A  Trotsky, “The Death Agony of Capitalism and the Tasks of the Fourth International”

B  “A Discussion with Trotsky on the Transitional Program”


C. The Political Backwardness of American Workers Trotsky

D  A Bill of Rights for working people


1. “Classical social democracy, functioning in an epoch of progressive capitalism, divided its program into two parts independent of each other: the minimum program, which limited itself to reforms within the framework of bourgeois society, and the maximum program, which promised substitution of socialism for capitalism in the indefinite future. Between the minimum and the maximum program, no bridge existed.” (Trotsky; b, 26) Why was such a program adequate in the epoch of “progressive capitalism”? What does such a program. lead to in the epoch of decaying capitalism?

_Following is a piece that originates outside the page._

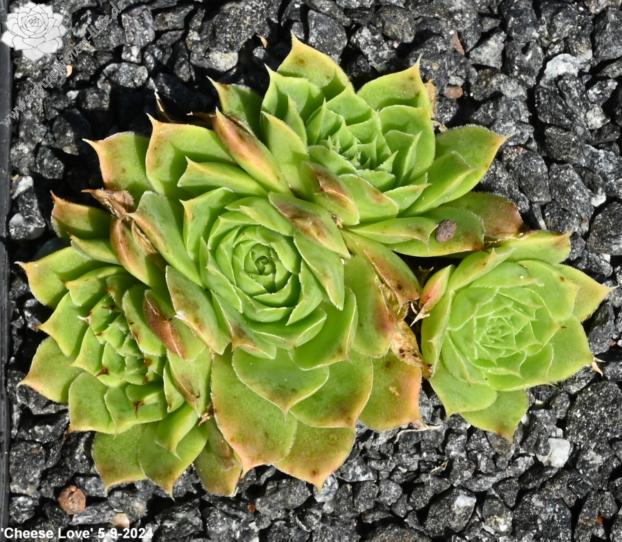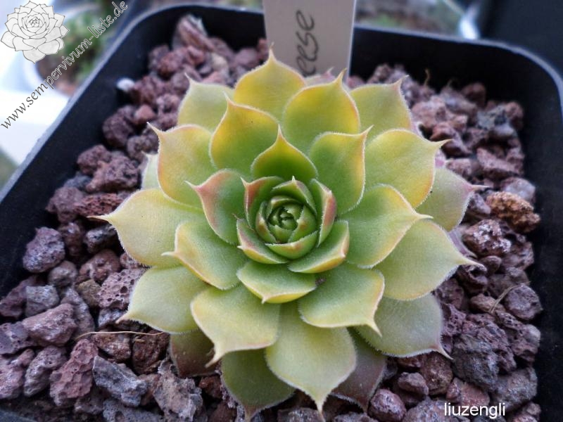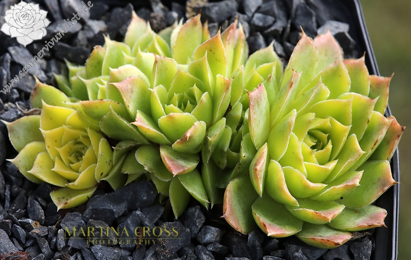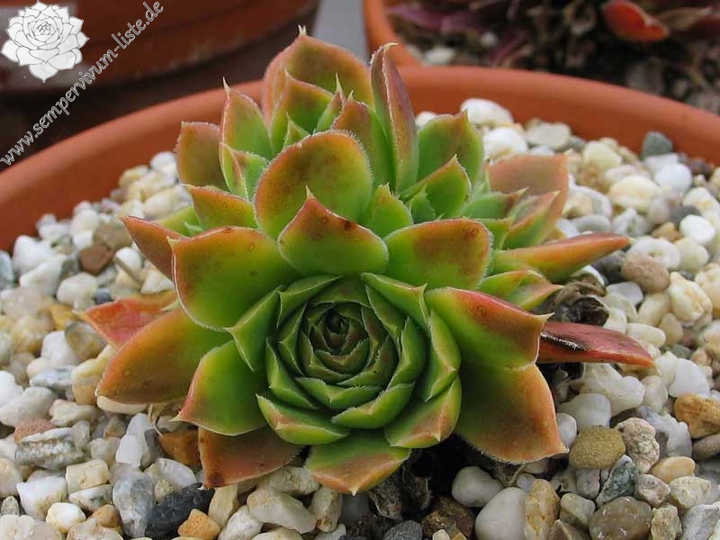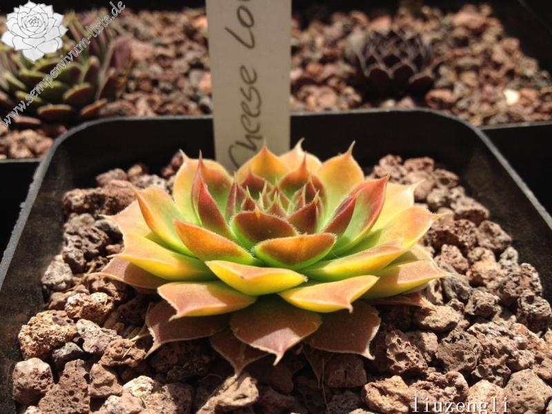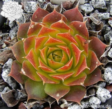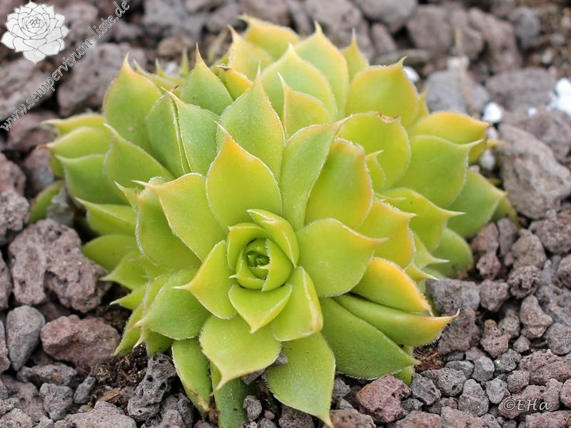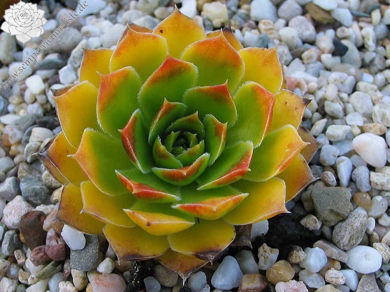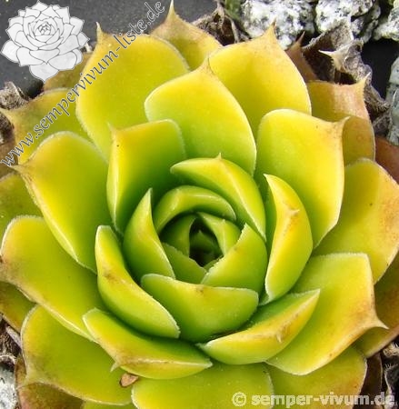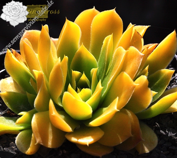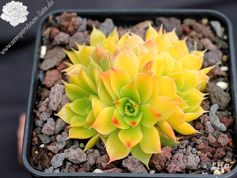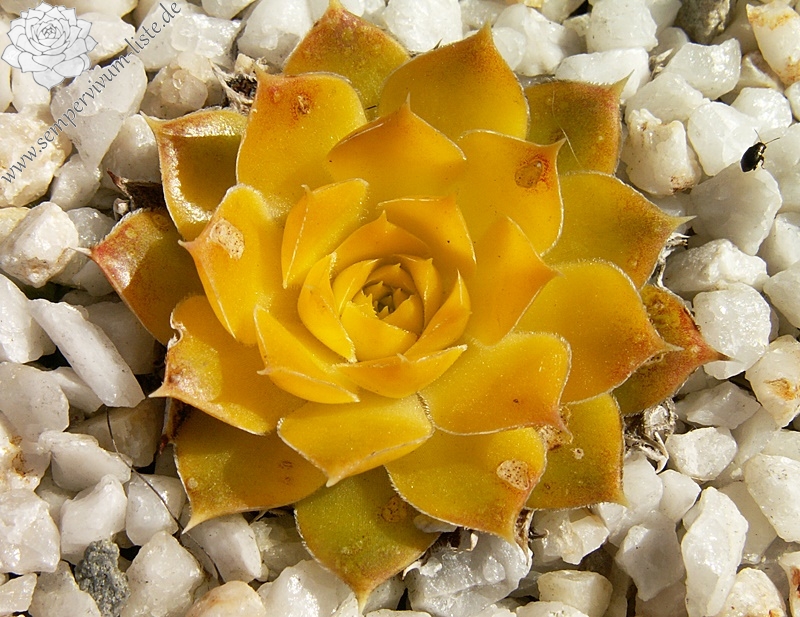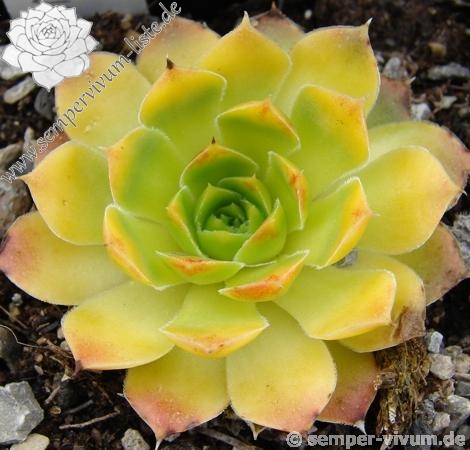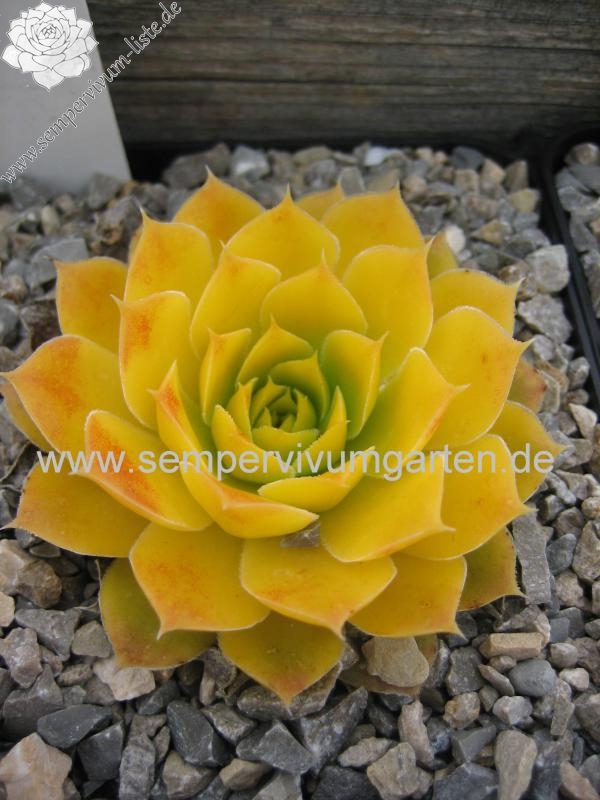 Besitzt sehr gute Eigenschaften. Die Rosetten sind fast ganz einheitlich gelb gefärbt. Nur an den Blattenden zeigen sich schwache orange Spuren. Im Rosettenzentrum hebt sich ein kleines grünes Herz deutlich ab. Im Frühjahr färben sich die Rosetten langsam von innen heraus grünlich. Eine wüchsige Pflanze, die sich gut teilen lässt.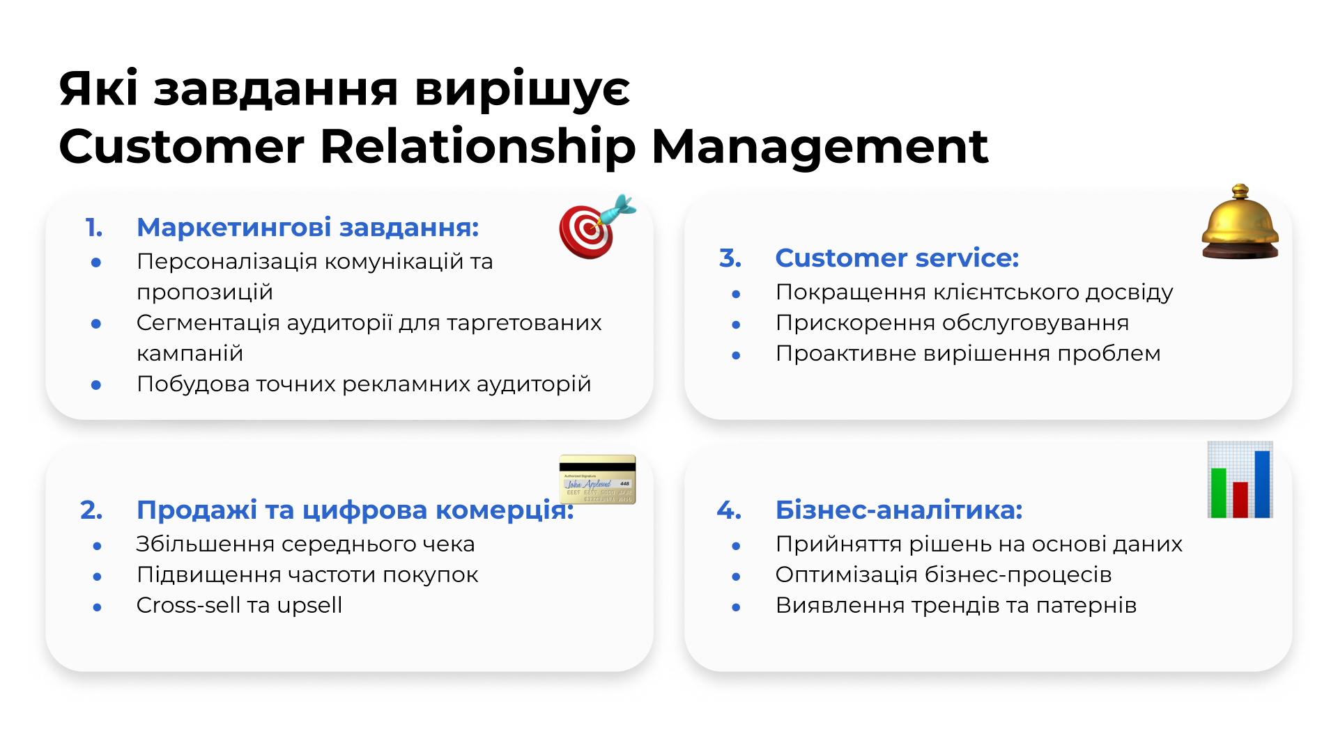 | Результат | Керування процесами продажу | Глибоке розуміння клієнта |

2    “It is necessary to help the masses in the process of the daily struggle to find the bridge between present demands and the socialist program of the revolution.”  (Trotsky; b, 25) Why is a “bridge” necessary between the program of “minimum” (immediate and democratic) demands and the maximum program of socialist revolution in the present epoch?

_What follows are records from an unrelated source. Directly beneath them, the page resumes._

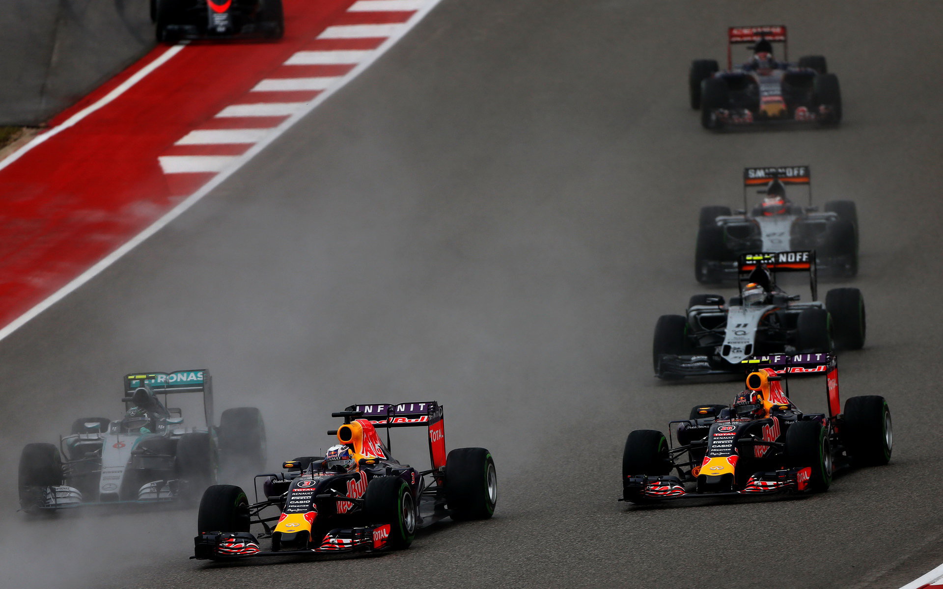 Daniel Ricciardo předjíždí Daniiela Kvjata a Nica Rosberga v Austinu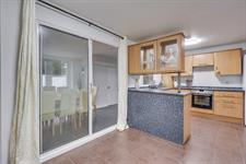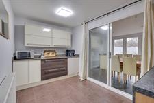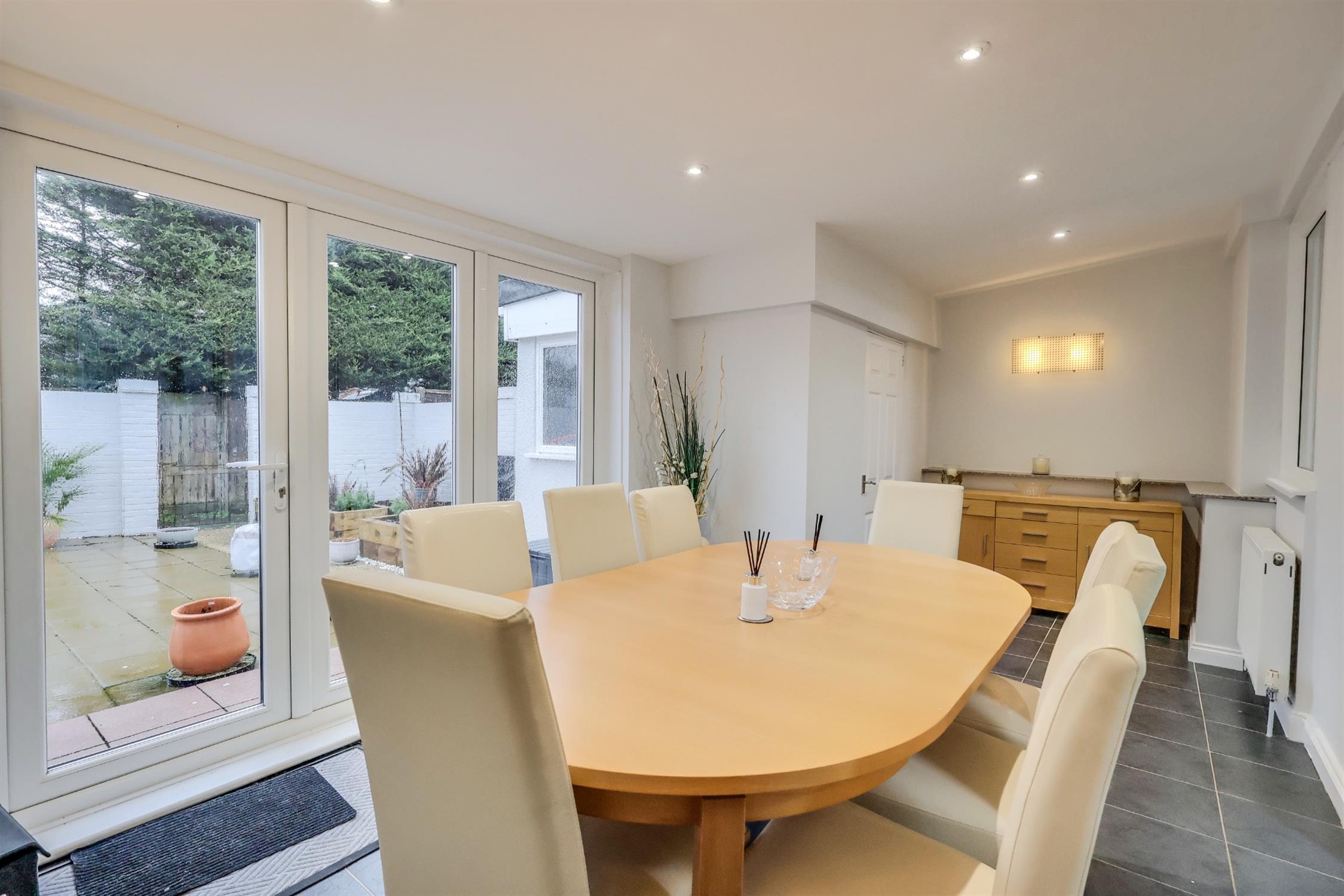Smooth finish to ceiling, double glazed window & sliding doors to rear elevation, a range of wall, base and drawer units with roll top work surface over, inset sink and drainer. Integrated cooker with gas hob and extractor fan over, space for fridge freezer, radiator.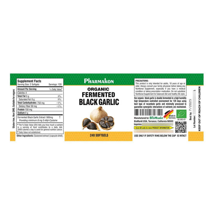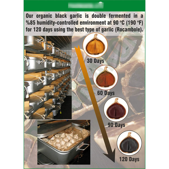 El ajo negro envejecido se produce mediante un proceso de fermentación controlada del ajo blanco tradicional. Este proceso no solo le da su característico color negro, sino que también aumenta su contenido de antioxidantes y compuestos bioactivos, como la S-alilcisteína, que es más biodisponible y efectiva que los compuestos del ajo fresco.

3     “This bridge should include a system of transitional demands ... ” (Trotsky; b, 25) What is the difference between transitional demands and immediate demands?    Why is the demand for a 32-hour workweek on 40 hours pay an immediate demand while the demand for sliding scale of wages (automatic wage indexation) a transitional demand?

4   “Property owners and their lawyers will prove the ‘unrealizability’ of these demands. Smaller, especially ruined capitalists, in addition will refer to their account ledgers.” (Trotsky; b, 27) How do Marxists advise workers to respond to such capitalist blackmail?

5  “The struggle against unemployment is not to be considered without calling for a broad and bold organization of public works. But public works can have a  continuous and progressive significance for society, as for the unemployed themselves, only when they are made part of a general plan, worked out to cover a considerable number of years.” (Trotsky; b, 32) Why is this?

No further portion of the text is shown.